### Exercise aim
Reproduce the material below only from the line with "エレガント アオザイ 2色" to the line with "Confectionné dans un", both included, keeping each line exact and dropping the pictures.

### Input
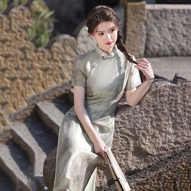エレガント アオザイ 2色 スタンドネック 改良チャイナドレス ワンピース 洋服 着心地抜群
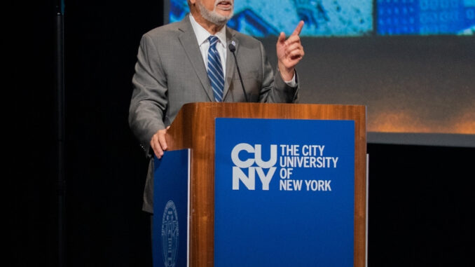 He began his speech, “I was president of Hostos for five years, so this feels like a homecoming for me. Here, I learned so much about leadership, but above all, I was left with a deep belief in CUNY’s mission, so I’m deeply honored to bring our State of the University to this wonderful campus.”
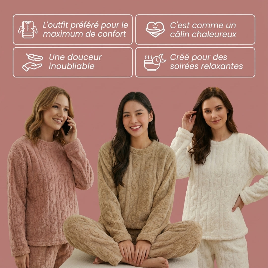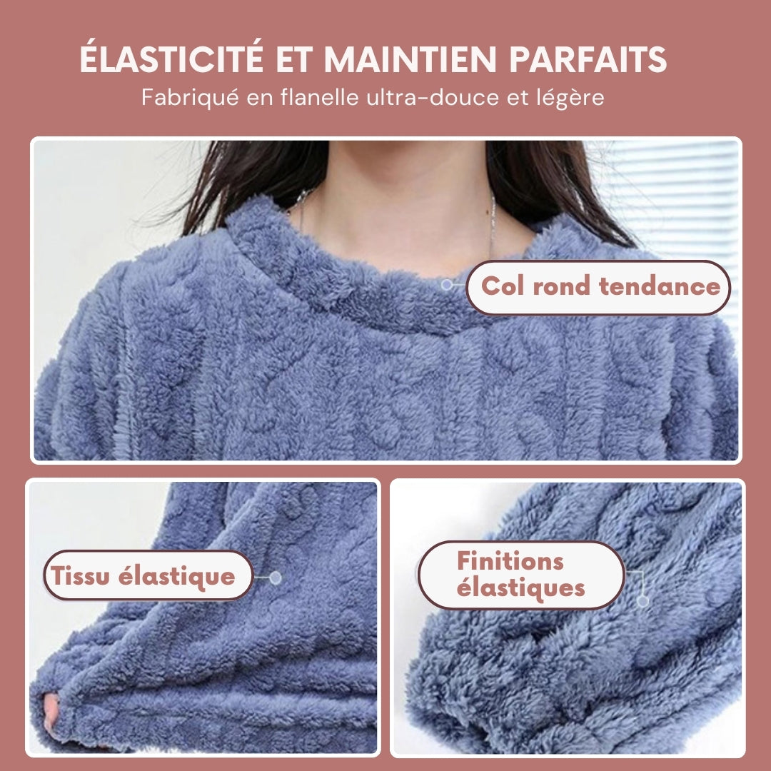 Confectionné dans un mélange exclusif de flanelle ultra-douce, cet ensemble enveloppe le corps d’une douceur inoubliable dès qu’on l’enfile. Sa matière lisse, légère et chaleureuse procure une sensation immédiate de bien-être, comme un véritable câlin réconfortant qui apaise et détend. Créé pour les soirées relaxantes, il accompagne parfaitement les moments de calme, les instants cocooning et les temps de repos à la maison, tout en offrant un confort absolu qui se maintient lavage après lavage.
* * *
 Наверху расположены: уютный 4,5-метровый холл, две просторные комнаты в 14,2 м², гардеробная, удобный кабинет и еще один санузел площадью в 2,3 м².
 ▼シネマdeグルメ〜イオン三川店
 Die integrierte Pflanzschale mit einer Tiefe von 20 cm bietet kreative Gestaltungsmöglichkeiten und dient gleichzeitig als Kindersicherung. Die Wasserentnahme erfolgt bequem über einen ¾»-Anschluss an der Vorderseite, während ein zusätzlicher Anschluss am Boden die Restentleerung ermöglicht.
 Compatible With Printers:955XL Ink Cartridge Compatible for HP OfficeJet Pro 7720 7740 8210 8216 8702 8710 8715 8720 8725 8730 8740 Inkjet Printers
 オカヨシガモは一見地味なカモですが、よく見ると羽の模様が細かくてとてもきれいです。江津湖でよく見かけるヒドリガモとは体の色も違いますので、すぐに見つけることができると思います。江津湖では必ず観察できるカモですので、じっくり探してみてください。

### Completed task
エレガント アオザイ 2色 スタンドネック 改良チャイナドレス ワンピース 洋服 着心地抜群
 He began his speech, “I was president of Hostos for five years, so this feels like a homecoming for me. Here, I learned so much about leadership, but above all, I was left with a deep belief in CUNY’s mission, so I’m deeply honored to bring our State of the University to this wonderful campus.”
 Confectionné dans un mélange exclusif de flanelle ultra-douce, cet ensemble enveloppe le corps d’une douceur inoubliable dès qu’on l’enfile. Sa matière lisse, légère et chaleureuse procure une sensation immédiate de bien-être, comme un véritable câlin réconfortant qui apaise et détend. Créé pour les soirées relaxantes, il accompagne parfaitement les moments de calme, les instants cocooning et les temps de repos à la maison, tout en offrant un confort absolu qui se maintient lavage après lavage.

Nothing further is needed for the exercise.